Blogging for Therapists: What it Means for SEO

We’re here to tell you blogging isn’t always the best use of your time. Spend a few minutes going through the following thought exercise:

Are you the website owner of a private practice relying on local clients? Imagine writing a blog post about “Signs and Symptoms of Depression” 

Unless you create a locale-specific spin in the article (which often doesn’t make sense) your visitors from search engines are likely to be from all across the country. How does this help drive local leads to your website?

While it makes perfect sense to include your location alongside a depression counseling service page, simply blogging about depression isn’t really a location-based topic. Therefore, it isn’t targeted to your ideal audience and client base.

For Local Businesses:

Consider when it makes sense to write content with your location emphasized versus blogging about general topics that might not reach a targeted audience.

Should you painstakingly write a long form article when the majority of people finding your content online won’t become customers or clients?

More visits on your website — from any location — does look good in the eyes of Google and will improve your page rankings, but the impact on your client base is therefore indirect and harder to quantify. Most people finding your article on Google won’t be in your backyard, so spending hours writing a great article about a topic related to your private practice may not result in the best ROI.

When Blogging Makes More Sense

Blogging is great if you plan to share the content in a newsletter to drive more traffic to your website via an existing local audience. Newsletters in particular (compared to social media) have high engagement rates and can be easily forwarded from one person to others who may find your content useful. And these people are more likely to be located in your area.
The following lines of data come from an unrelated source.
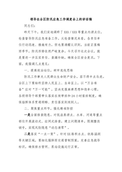 / 【七哥公文】2025年:领导在全区防汛应急工作调度会上的讲话稿+更多免费公文+VX:QiGeGongWen2024
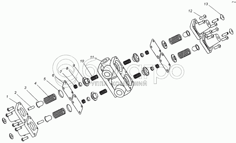 Каталог запасных частей к технике: МАЗ-437040 (Зубренок). Клапан защитный четырехконтурный
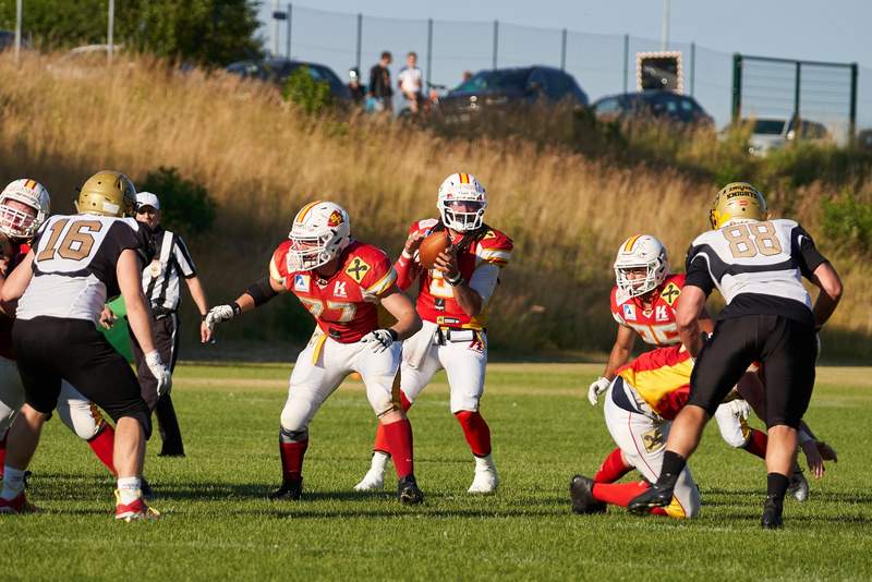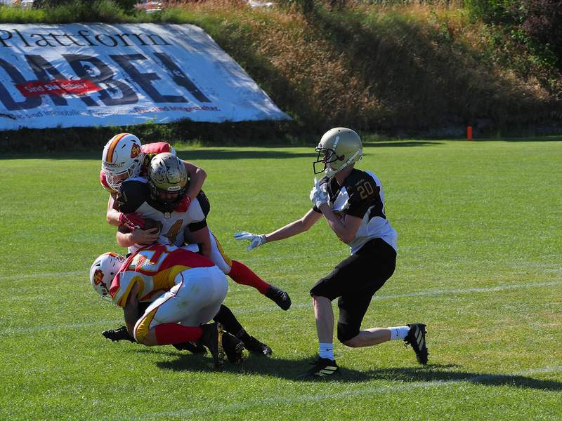 Die Hausherren waren im ersten Viertel sehr gut auf das starke Laufspiel der Tschechen eingestellt und konnte die Gäste immer wieder stoppen. Ein erster Patzer führte zu einem Touchdown der Knights und somit zum 0:7 (PAT Good). Doch die Generali Invaders konnten postwendend antworten und das Spiel in einem schönen Drive wieder ausgleichen.
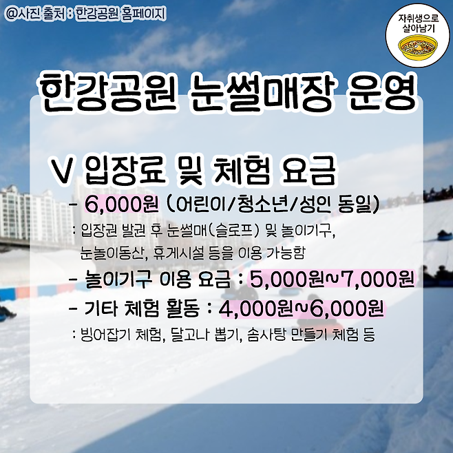 올 겨울 한강공원에 개장한 눈썰매장 정보!
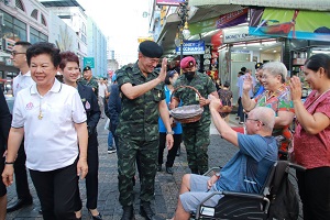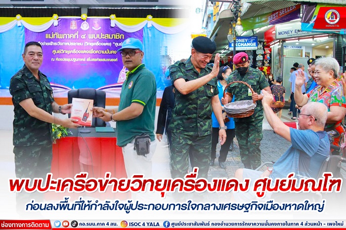 นอกจากจะให้กำลังใจผู้ประกอบการร้านค้าใจกลางเมืองเศรษฐกิจอย่างตลาดกิมหยงแล้วแม่ทัพภาคที่ 4 ก็ยังให้กำลังใจเครือข่ายวิทยุเครื่องแดงที่ต่างเป็นสมาชิกเครือข่ายเฝ้าระวังภัยและเหตุการณ์ต่างๆเพื่อให้แหล่งท่องเที่ยวมีความปลอดภัยเป็นหูเป็นตาแจ้งข่าวสารให้เจ้าหน้าที่รัฐ
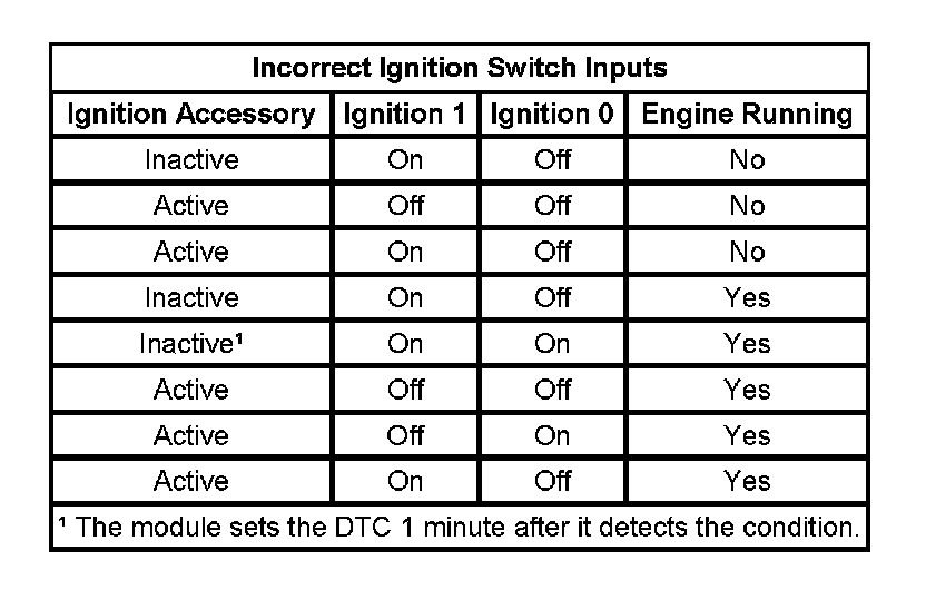 One of the 3 monitored ignition switch circuits has malfunctioned. The DTC will set, if one of the following situations is present:
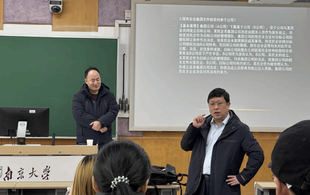 单锋教授主持,南京市中级人民法院民二庭副庭长程俊杰法官担任主讲嘉宾。程法官就《商事交易的法律风险防范》进行了专题分享,通过剖析商事合同与公司纠纷的典型案例,深入解析了商事实务中需注意的合同主体、标的、价款等问题,为同学们带来一场知识与智慧的盛宴。
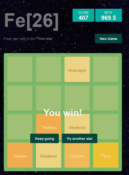 Sehr schön ist auch die Fe26-Variante, bei der man ausgehend von Wasserstoff versuchen muss Eisen zu erzeugen/fusioniern. newbrict.github.io/Fe26/ Hmm irgendwie funkt der Link nicht richtig

Now imagine you have something to offer people across various locales like an e-book on parents using planned ignoring or coping skills for anxiety.  You can optimize a blog post (or series of posts) for this targeted topic and generate traffic to your website without needing to qualify a locale.

Blog posts with a location-based angle are also great! Is your practice in New York City? Maybe writing a blog post about anxiety on subways makes sense. Or perhaps you can tie a blog post into a local event or happening.
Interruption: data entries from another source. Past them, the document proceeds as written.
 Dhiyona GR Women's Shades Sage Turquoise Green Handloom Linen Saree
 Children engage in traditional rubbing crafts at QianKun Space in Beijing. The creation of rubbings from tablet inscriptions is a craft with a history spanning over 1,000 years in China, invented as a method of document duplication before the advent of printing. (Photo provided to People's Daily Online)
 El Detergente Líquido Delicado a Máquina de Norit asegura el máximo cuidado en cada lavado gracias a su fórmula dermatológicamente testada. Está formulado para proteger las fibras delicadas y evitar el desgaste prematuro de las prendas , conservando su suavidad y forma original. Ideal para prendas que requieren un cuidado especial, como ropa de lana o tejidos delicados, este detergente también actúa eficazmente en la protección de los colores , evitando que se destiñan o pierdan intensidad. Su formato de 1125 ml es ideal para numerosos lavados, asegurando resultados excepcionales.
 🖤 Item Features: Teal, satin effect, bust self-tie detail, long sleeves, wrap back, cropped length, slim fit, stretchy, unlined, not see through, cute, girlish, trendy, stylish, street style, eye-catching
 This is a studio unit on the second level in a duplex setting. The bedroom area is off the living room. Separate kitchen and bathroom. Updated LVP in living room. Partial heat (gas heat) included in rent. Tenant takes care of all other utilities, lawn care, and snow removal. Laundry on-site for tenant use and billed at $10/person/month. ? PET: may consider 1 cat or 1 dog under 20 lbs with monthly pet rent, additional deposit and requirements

Finally, network with popular bloggers or magazines in your area to link to articles on your website. Writing about a general topic is A-okay if a popular website in your area is linking to the article. It all comes down to connecting the dots and understanding how content drives qualified leads to your site.

The Bottom Line

The impact of blogging on SEO and growing your client base can be negligible if you’re writing about general topics and your target audience is narrowly defined by a location. Consider your blog post topics and how you’re sharing content to ensure better results.